Anyway, back to nazis. In the early days of nazism, the German government was presented as a sort of miracle. No one could believe that the loser of World War I could make such an economic and social turnaround as Germany had made. For that matter, Germany was one of the great cultural centers of the world leading up to World War II, but also before. All of the great music composers and philosophers were from Germany. All of the great social scientists were German. Many of the great physicists who revolutionized our very understanding of reality were either German or trained in Germany.

This is important because these days nazis have a tendency to be the patsies in our social commentary. "Nazi" is a general term for "mindless evil zombie." To claim anything positive about nazis is to present yourself as a fool, and if you happen to be writing fiction, nazis are the best possible villains because none of us feel any kind of sympathy for nazis whatsoever. Our current understanding of nazis is quite simply that they were all brainwashed dolts who committed great atrocities because they were brainwashed dolts. They are both maximally evil and maximally stupid.

Therefore, to recognize the truth about Germany is to rupture an important story we're telling ourselves. The truth is that Germans were great, Germans were brilliant, Germans achieved wondrous things. Germany was a cultural center of the universe for hundreds of years.

All that cultural greatness culminated in nazism. That's the scary part. The scary thing isn't that stupidity and brainwashing overtook a good nation. The scary part is that nazism is the ultimate result of all the ideas that made Germany wonderful and great prior to the rise of nazis. If you wanted to avoid re-creating a nation of nazis, part of what you'd want to avoid is all the great sociological and philosophical innovation produced by Germans in the 19th Century. You'd want to avoid the conclusions of Marx, and Engels, and Heidegger, and Gadamer. You'd want to throw those things away, recognizing them as the gateway to nazism that they are.

Unfortunately, that is not what people in today's world want to believe. People would much rather believe that nazism is just something Hitler made up that somehow overtook every good brain in Germany, turning it to evil mush. People would much rather believe that there are important things to salvage from Heidegger and Gadamer. People would much rather believe that the Confederacy was a legitimate states' rights movement.

These notions are "escape hatches" designed to protect us from confronting the horrible realities of life. The realities are that nazi Germany was a lot like pre-nazi Germany, and even a lot like post-nazi Germany. People who aided in the slaughtering of Jews had children whose views toward Jews are only improved at the margins. And, indeed, here in the States, the ideas of the Confederacy still infect the south, because the south was inhabited by intelligent people who had abhorrent ideas. Those intelligent people had intelligent children, whose ideas were only marginally less abhorrent. And those children had children, and theirs had children again, and so on marches time. Ideas have slowly improved over time, but we trace their legacy back to something abhorrent.

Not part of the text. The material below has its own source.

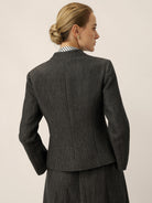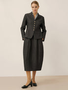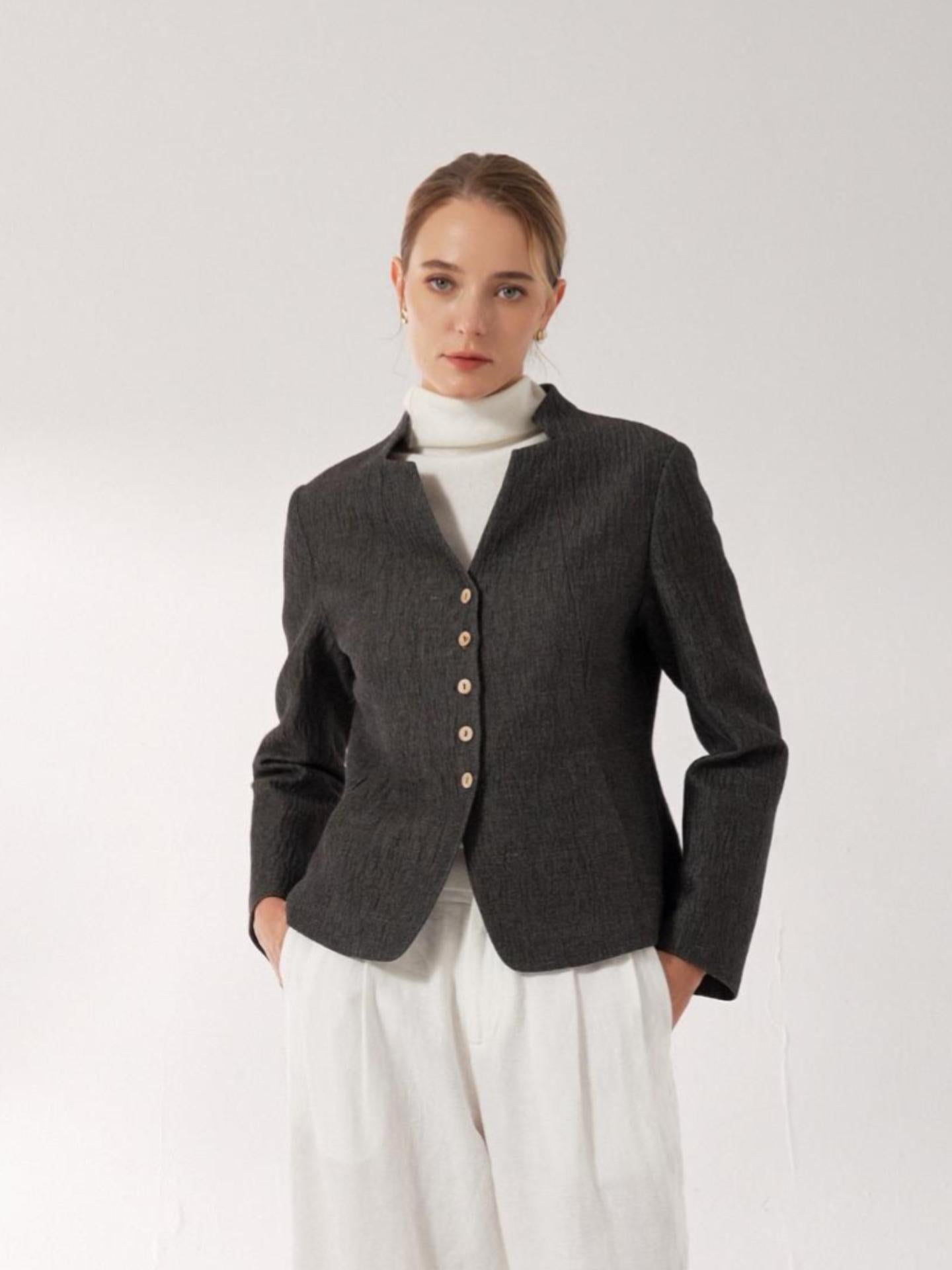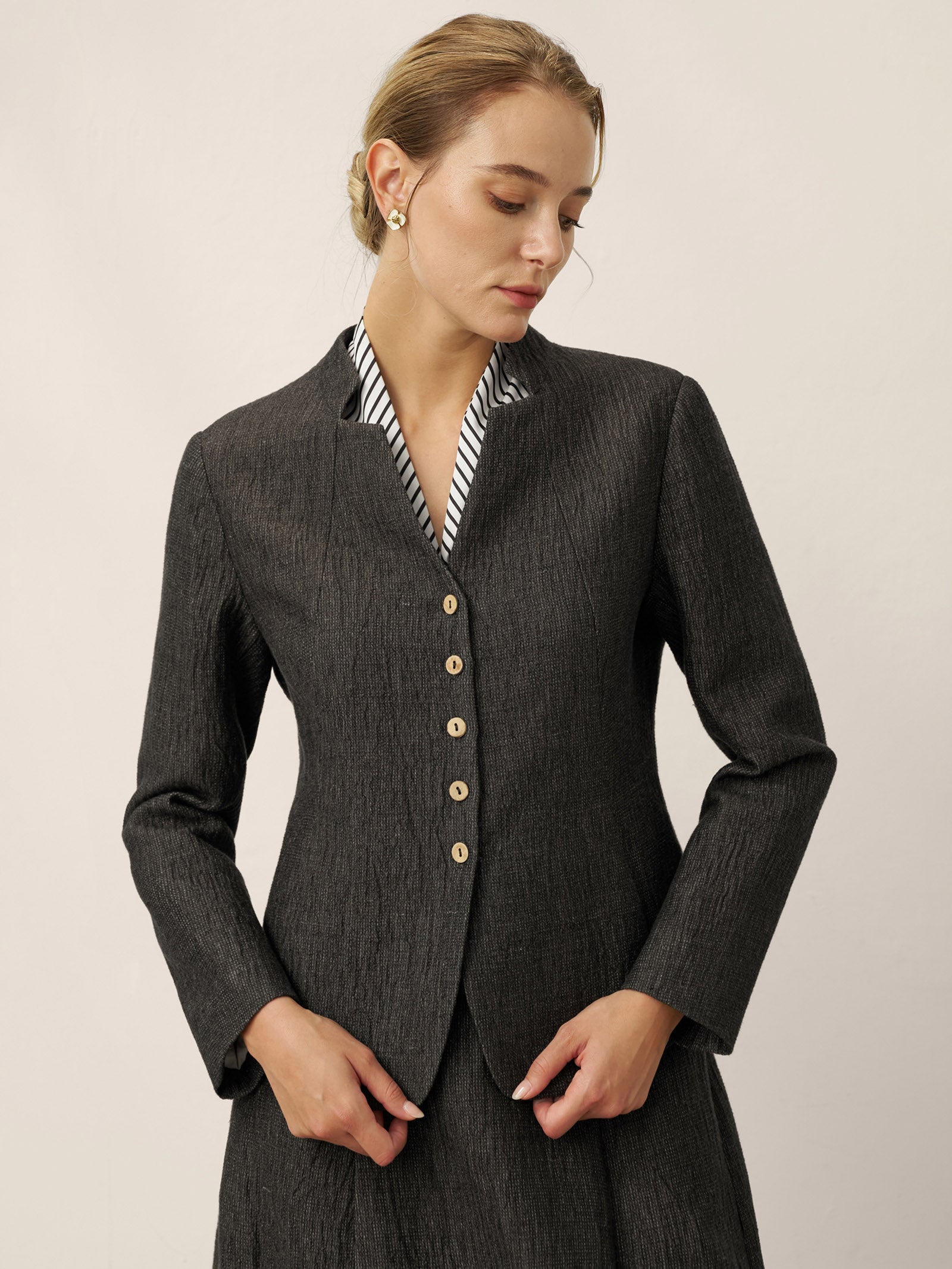 A linen shirt jacket featuring a mandarin collar with a star notched detail and tailored vertical seams, designed for a sleek silhouette in a smoky quartz color.

In order to improve the world, we must learn to discard what is abhorrent. We must not try to salvage a good "states' rights" message out of the Confederacy. We must not try to find worth in Heidegger or Gadamer. We must also not pretend people who believed in the Confederacy or the "reich" were brainwashed morons. We must recognize that terrible, noxious, infectious ideas can very easily take hold of intelligent and good people, and cause them to act in evil ways.

Remembering that ideas can be evil, and that they can infect good people as well as bad people, is the only thing that will help us prevent greater evil in the future.

Now having said that, I realize that it is a core part of Jordan Peterson's message, as well.